● **How to complete this task**
Only the lines from the beginning of the data through the one with "Non-stretch denim shorts." belong in the answer, each retyped exactly, with pictures left out.

[Stored data]
· · · ·

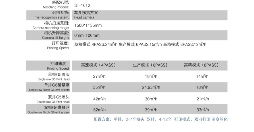 磁懸浮理光G6配置:草稿模式 4PASS:60/h 生產模式6PASS:45/h 高精模式 8PASS:30/h
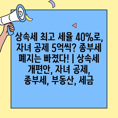 상속세 최고 세율 40%로 인상, 자녀 공제 5억 확대
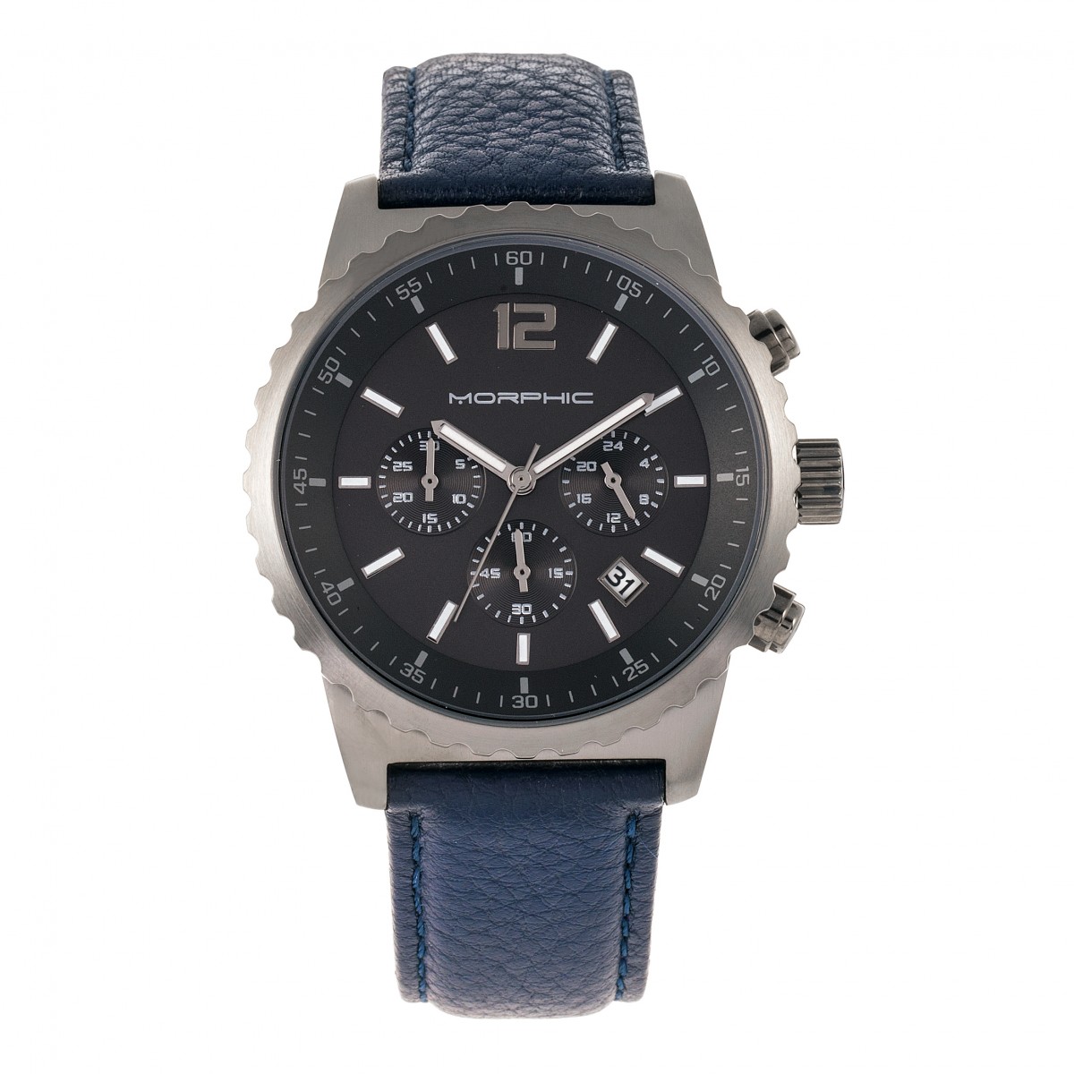 Morphic MPH6706 M67 Series Chronograph Leather Band Watch with Date - Gunmetal & Blue
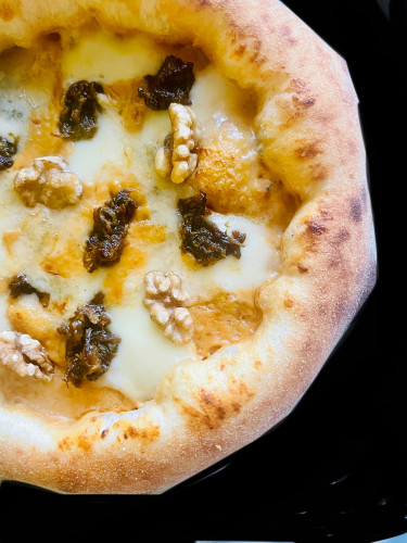 春の山菜の代表格、ふきのとうと信州須坂の塩屋醸造の蜂蜜味噌でふき味噌を作り贅沢にトッピングした特別なピッツァをご案内いたします。ふき味噌のほろ苦さと、4種の濃厚チーズが織りなすハーモニーが楽しめる一枚は、春の食卓を豊かに彩ります♪
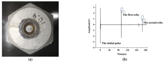 An ultrasonic measuring instrument was used to characterize the ultrasonic performance of the sensor. Figure 4a shows an M42 wind turbine tower bolt with the piezoelectric film sensor. Multiple echo signals could be received through the ultrasonic acquisition instrument. Figure 4b shows the ultrasonic signal and echo excited by the piezoelectric sensor at the top of the bolt. According to the bolt length and the velocity of the longitudinal wave in the 40CrNiMo material, it could be determined that the first echo of the longitudinal wave was about 91.316 μs, which is marked in the figure, and the subsequent longitudinal wave echoes were separated by a fixed period. Since the echo signal was affected by the propagation time of the electromagnetic wave in the cable, the difference between the two longitudinal wave echoes was used as the round-trip time in the bolt. Ultrasonic shear waves could also be observed between the two echoes, which was caused by the deviation of the bolt from the central position or an inappropriate Ar/O2 ratio during the deposition process.
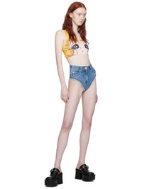 Non-stretch denim shorts. · Belt loops · Five-pocket styling · Zip-fly · Raw edge at hem · Logo patch at back waistband · Contrast stitching in tan Supplier color: Blue 100% cotton. Made in South Korea 232252F088021
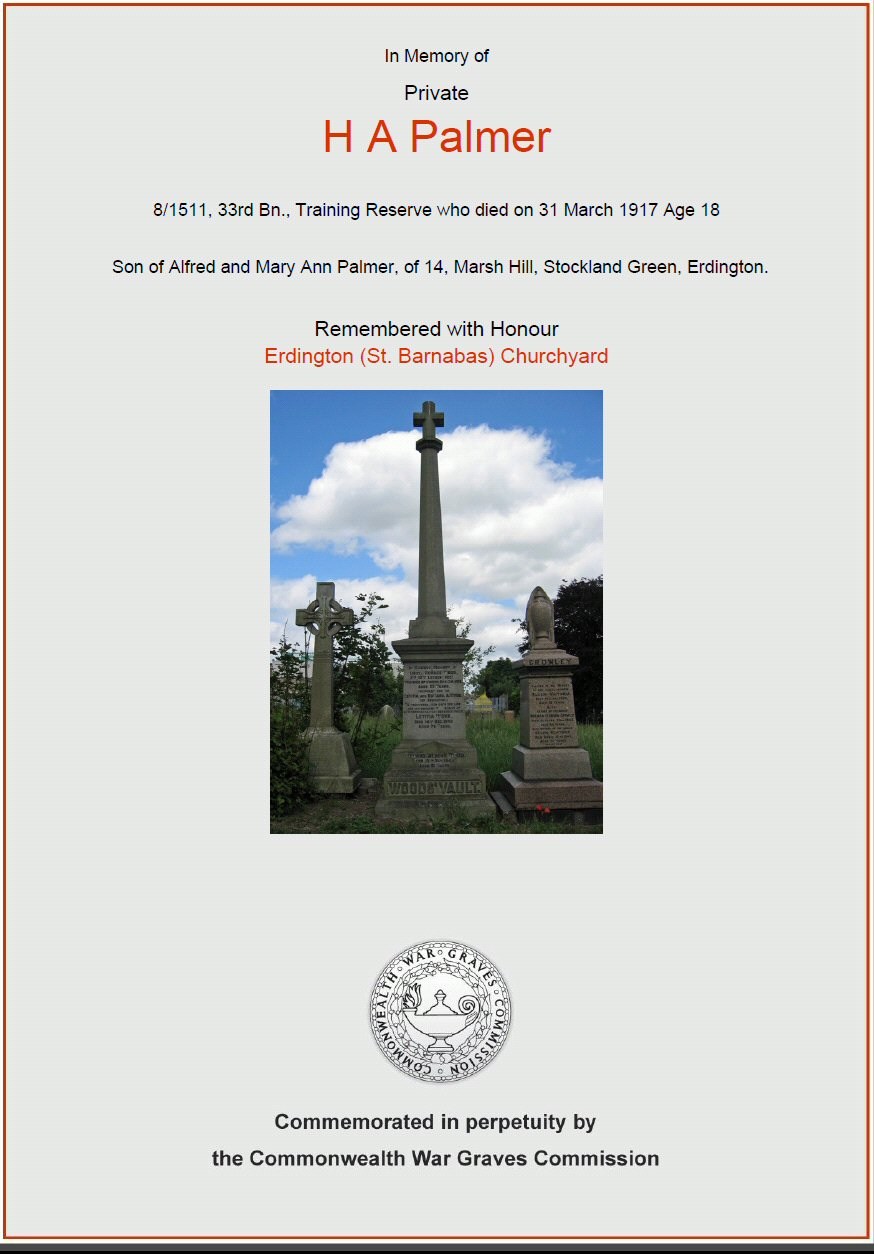 Private Edward Ralph Cooke 9281. Unit: 2nd Battalion, Honourable Artillery Company. Death: 31 March 1917 Killed in action Western Front
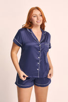 Classic Grace Short Pyjama Set - Navy with White Piping
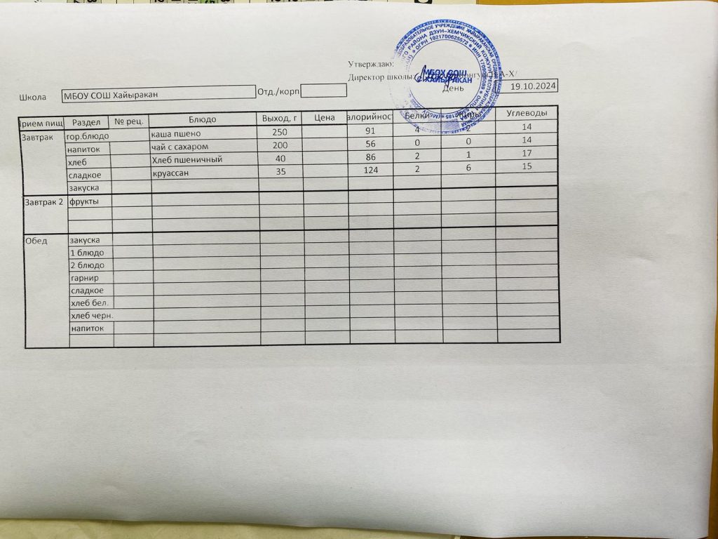 Утвержденное меню на 19 октября 2024 года
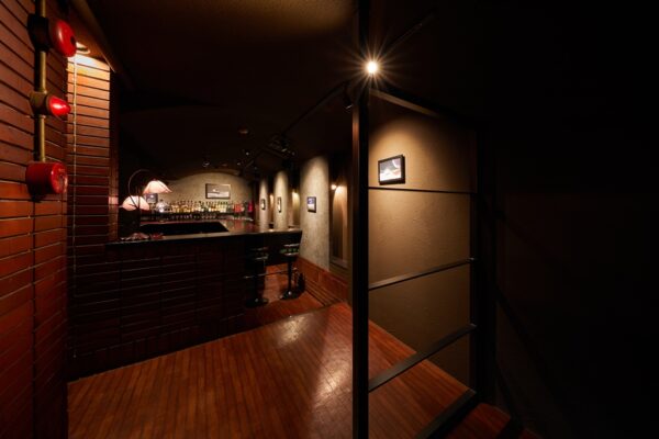 内観は落ち着いたバーの雰囲気を実現する為にマテリアル素材は「塗り壁」「木」調「レンガ」に限定。照明計画もオーナー様コダワリの絵画が主役になるように器具や配灯の計画を行った。
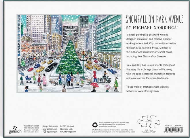 Élvezze a téli New York varázslatos hangulatát a Hóvihar a Park Avenue-n című puzzle segítségével, amelyet Michael Storrings tervezett, és 1000 darabot tartalmaz. Ideális szórakozás hosszú téli estékre, amely nemcsak a logikáját fejleszti, hanem örömöt is szerez a fenntarthatóan készült termék révén.

· · · ·

● **Solved problem**
 磁懸浮理光G6配置:草稿模式 4PASS:60/h 生產模式6PASS:45/h 高精模式 8PASS:30/h
 상속세 최고 세율 40%로 인상, 자녀 공제 5억 확대
 Morphic MPH6706 M67 Series Chronograph Leather Band Watch with Date - Gunmetal & Blue
 春の山菜の代表格、ふきのとうと信州須坂の塩屋醸造の蜂蜜味噌でふき味噌を作り贅沢にトッピングした特別なピッツァをご案内いたします。ふき味噌のほろ苦さと、4種の濃厚チーズが織りなすハーモニーが楽しめる一枚は、春の食卓を豊かに彩ります♪
 An ultrasonic measuring instrument was used to characterize the ultrasonic performance of the sensor. Figure 4a shows an M42 wind turbine tower bolt with the piezoelectric film sensor. Multiple echo signals could be received through the ultrasonic acquisition instrument. Figure 4b shows the ultrasonic signal and echo excited by the piezoelectric sensor at the top of the bolt. According to the bolt length and the velocity of the longitudinal wave in the 40CrNiMo material, it could be determined that the first echo of the longitudinal wave was about 91.316 μs, which is marked in the figure, and the subsequent longitudinal wave echoes were separated by a fixed period. Since the echo signal was affected by the propagation time of the electromagnetic wave in the cable, the difference between the two longitudinal wave echoes was used as the round-trip time in the bolt. Ultrasonic shear waves could also be observed between the two echoes, which was caused by the deviation of the bolt from the central position or an inappropriate Ar/O2 ratio during the deposition process.
 Non-stretch denim shorts. · Belt loops · Five-pocket styling · Zip-fly · Raw edge at hem · Logo patch at back waistband · Contrast stitching in tan Supplier color: Blue 100% cotton. Made in South Korea 232252F088021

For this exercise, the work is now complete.